Australian radio program

Life Matters is a magazine-style radio program that has been broadcast on Radio National by the Australian Broadcasting Corporation since 1992. The first presenter was Geraldine Doogue, and as of 20 January 2025 the program is presented Monday to Thursday by Tegan Taylor (replacing Hilary Harper) and by Beverley Wang on Fridays. Covering a range of social and personal issues, it airs each weekday at 9 a.m., and is repeated at 7 p.m.

==History==
Life Matters was devised in 1992 as "a program charting social change" by a trio consisting of Doogue (already an established and acclaimed broadcaster), Norman Swan (general manager of Radio National at the time), and producer Joanne Upham. Doogue had been recruited to Radio National in 1991 to present Offspring, a predecessor program to Life Matters, after losing her passion for hard news following her high-profile recruitment by the ABC to work in news and current affairs including the launch of The National, the networks' contentious and unsuccessful remoulding of their evening television news and current affairs hour

==Presenters==
- Geraldine Doogue presented the program for eleven years from its inception.
- Julie McCrossin presented the program from 2002 to 2005.
- Richard Aedy presented the program from 2006 to 2011.
- Natasha Mitchell presented the program from 2012 to 2016.
- Amanda Smith presented the program from 2017 to 2018.
- Hilary Harper and Michael Mackenzie presented the program from 2019 until Mackenzie's retirement in May 2022.
- As of February 2024, Life Matters is presented by Hilary Harper from Monday to Thursday and Beverley Wang on Fridays.
- As of 20 January 2025 Tegan Taylor replaces Hillary Harper in presenting the show Monday to Thursday, with Beverley Wang continuing in the Friday broadcast role.

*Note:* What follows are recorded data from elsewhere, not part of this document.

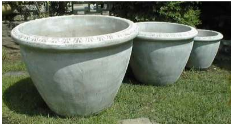
VILLAMOURA 1000 750mm high x 1,000mm diam VILLAMOURA 800 575mm high x 800mm diam VILLAMOURA 600 430mm high x 600mm diam VILLAMOURA 450 330mm high x 450mm diam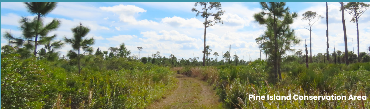
Pine Island Conservation Area

The mission of the Environmentally Endangered Lands Program (EEL) is to protect and preserve biological diversity through responsible stewardship of Brevard County's natural resources. To find out more about the program, please visit the EEL webpage . (321) 255-4466, EEL-Info@BrevardParks.com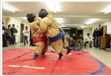
Inflatables continue to be a favorite amongst teenagers at Overtime 2010.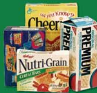
Cereal and cracker boxes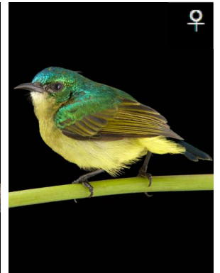
Hedydipna collaris NECTARINIIDAE

==Format and description ==
Life Matters covers a range of topics relating to personal relationships, health, financial and work issues, "and the world". It interviews experts and invites listeners to contribute by phoning in and sending text messages. Throughout its history, the show has also had a rolling offering of special regular segments & feature series, with recent notable examples including Dated: Love Online After 50, Hillary Harper's very personal five-part investigation of later-life searching for romance and relationship in the online era of dating apps (following the breakdown of her 20-year marriage), as well as Ask Aunty, the programme's final Friday segment which takes a lighthearted examination of sometimes quirky, sometimes awkward social and personal dilemmas and presents one such case to invited guests (usually a duo) to examine and advise on, with the guests being a mix of comics, humourists, writers and relationship experts.

From its inception the program has been broadcast on weekdays from 9 am. As of February 2024, it is repeated at 7pm, and past episodes are also available on the ABC Listen app.